For H. argophyllus, four individuals were sampled from each of 12 populations: ARG1, Guadaloupe County, Texas, south of Luling on Highway 10 just west of intersection with Highway 80; ARG2, Gonzales County, Texas, between Nixon and Leesville, on Country Road 131 just north of intersection between Highway 80 and Highway 97; ARG4, Victoria County, Texas, between Victoria and Coleto Creek Reservoir under bridge of Highway 59 and railroad tracks; ARG6, Aransas County, Texas, between Lamar and Fulton on Highway 35 just south of bridge over Copano Bay; ARG7, Aransas County, Texas, on Highway 35 just south of Estes; ARG8, Nueces County, Texas, on Mustang Island near port Aransas; ARG9, Nueces County, Texas, on beach access Road 6 near Padre Island Balli Park; ARG11, Kleberg County, Texas, on Highway 77 at bridge over Los Olmos Creek; ARG12, Brooks County, Texas, south of Falfurrias on Highway 297; ARG13, Refugio County, Texas, on Highway 77 north of bridge over Aransas river; ARG14, Goliad County, Texas, intersection of Highway 183 and Mañahuilla Creek; ARG15, Gonzales County, Texas, between Westhoff and Smiley on Highway 87.

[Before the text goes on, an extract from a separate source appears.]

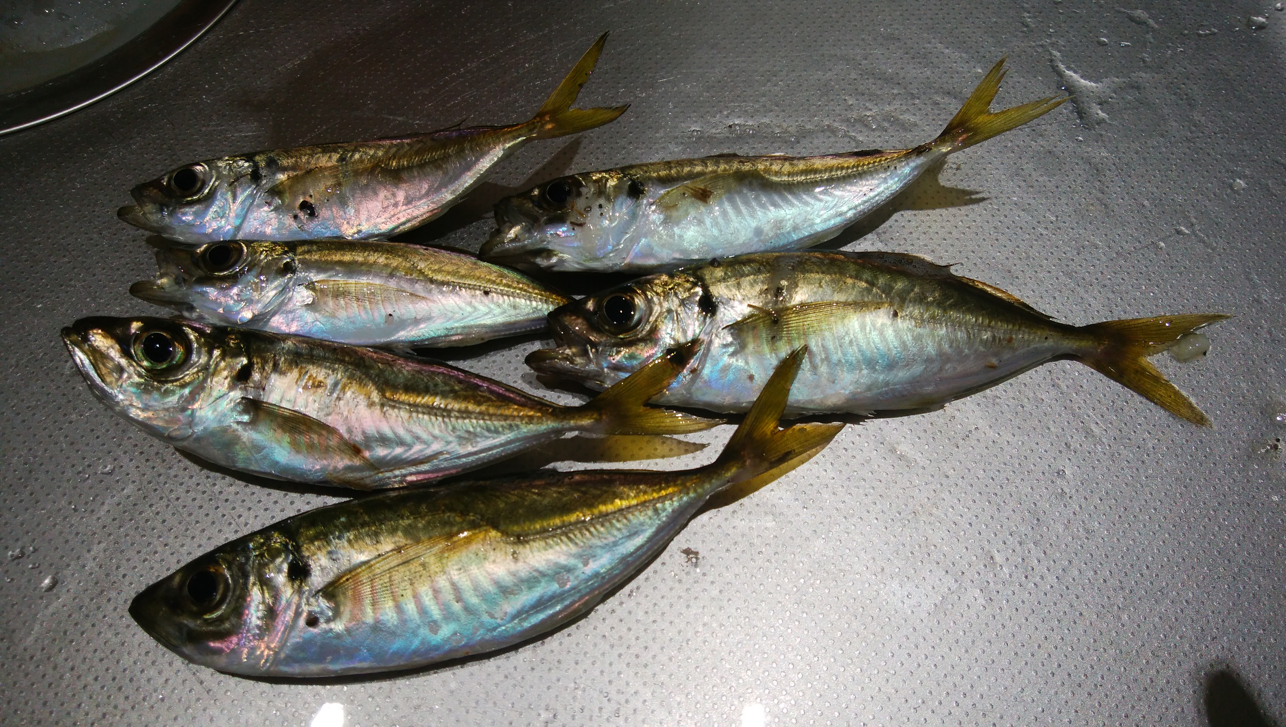 今シーズン初のアジングに行ってきました!いつもは鳥羽に行きますが、この日は五ヵ所に行ってきました。到着したのは17:00頃でまだ明るい時間からスタート!ポイントを探して釣って行きますがアタリは無しです・・・。徐々に暗くなりそろそろライト周りでポイントを絞り釣って行くと底付近で明確なアジあたりでしたが・・・フッキングできず・・・。同じように狙って行くと来ました!!久々のアジの引きです!!やっぱりアジングは掛けた時がうれしい!!!暗くなりアタリもコンスタントにで出しましたが・・・掛けるのが難しい・・・。結局は1時間ちょいの釣りで6匹でした!久々のアジのたたきはおいしかったです!!暗くなると少し寒くなってきました!上着は必需品です!ワームはマルキュー・活アジがやっぱり一番釣れます!!

Achenes collected from H. annuus and H. petiolaris populations (above) were germinated in the Indiana University greenhouses, and DNA was isolated from a total of 268 juvenile plants (~55 plants/population). For H. argophyllus, field-collected leaf tissue was employed for DNA isolations: 12 populations × 4 individuals/population = 48 plants total. All extractions were performed using a QIAGEN (Valencia, CA). Dneasy 96 plant kit.

Microsatellite analyses:

Primer sequences for microsatellites from anonymous genomic regions and from the flanking regions of expressed sequence tags (ESTs) were obtained from Tang et al. (2002) and the Compositae Project (CGP) database (http://compgenomics.ucdavis.edu/), respectively. In all, 352 anonymous microsatellites and 186 EST-associated microsatellites were screened for clean amplification in both H. annuus and H. petiolaris. From these initial screens, 44 anonymous and 64 EST-associated microsatellites were chosen for the populational surveys. All 108 markers have been placed on genetic linkage maps of H. annuus (Gedil et al. 2001; Burke et al. 2002; Tang et al. 2002; Yu et al. 2003; S. K. Knapp, unpublished results) and/or H. petiolaris (Burke et al. 2004; Lai et al. 2005b), so inferences may be made about patterns of genomic differentiation. For comparative purposes, 55 of the EST-associated microsatellites were also analyzed in H. argophyllus. Primers were synthesized by MWG Biotech (High Point, NC), Invitrogen (Grand Island, NY), or PE Biosystems (Foster City, CA). The 5′-end of each forward primer was labeled with one of three fluorescent dyes (6FAM, HEX, or NED) or “5′ tailed” with an M13 universal primer (Schuelke 2000) that was labeled with one of four dyes (6FAM, VIC, NED, or PET).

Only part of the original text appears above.